The Hardware Question: Matching Compute to the Workload

Running this entire pipeline on a single type of machine is incredibly inefficient. Each service has a different performance profile and requires different hardware to operate optimally.

Candidate Generation & Feature Hydration: These services are typically CPU-bound. Their work involves network calls, data serialization/deserialization, and simple business logic. Heavy-duty, standard CPU-based nodes are the most cost-effective choice.
Feature Store (The Dependency): While not a service we build, the online feature store it relies on is Memory-bound. Its performance is dictated by how much of the feature data can be kept in RAM for low-latency access. This service should run on high-memory instances.
Model Inference: This is where specialized hardware provides a massive return on investment.
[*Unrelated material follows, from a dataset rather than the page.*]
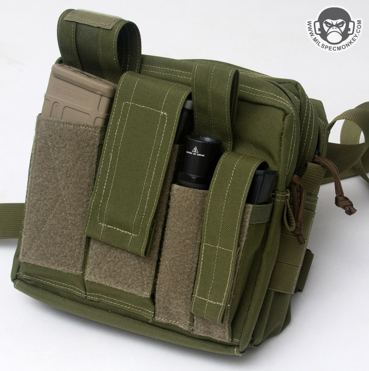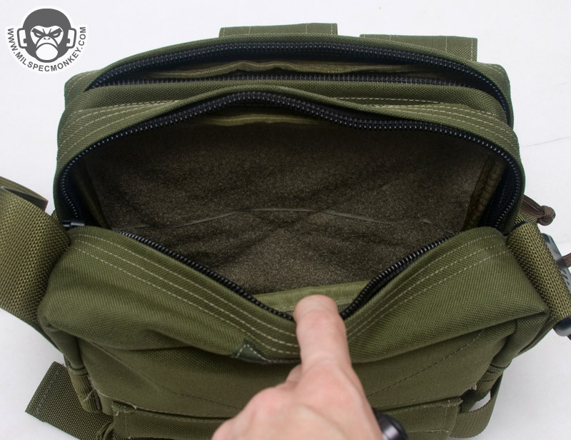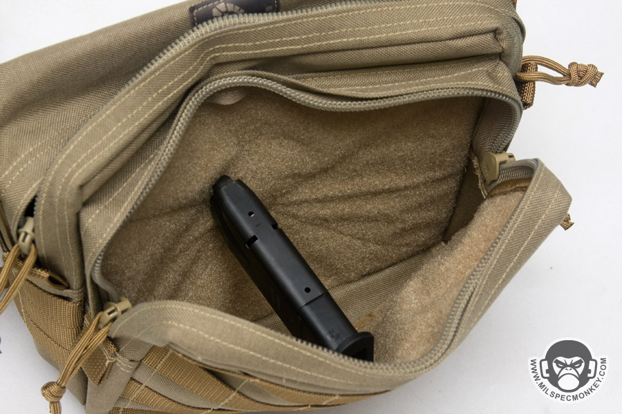 With the active shooter concept in mind, the bags make for good grab and go reaction capabilities. Starting with a simple shoulder bag core, what makes these bags stand out is the customizability. The interiors of both compartments are fully lined with loop velcro to accept tactical holding accessories such as pistols and mag holsters. One can fit a serious load of ammo or tactical tools inside.

For complex ranking models like Transformers or large DLRMs, running batched inference on GPUs can provide a 10-100x throughput increase over CPUs. This is often the key to meeting a strict latency budget. Deploying these models using a dedicated inference server like NVIDIA's Triton Inference Server or TorchServe is best practice, as they handle batching, model versioning, and hardware optimization automatically.

Conclusion

The online serving layer of a modern ranking system is a high-performance, distributed system in its own right. It's a decoupled architecture of specialized microservices, each with its own scaling policies and hardware profile, orchestrated to deliver a single, coherent response within hundreds of milliseconds. We've designed the engine of our ranking system.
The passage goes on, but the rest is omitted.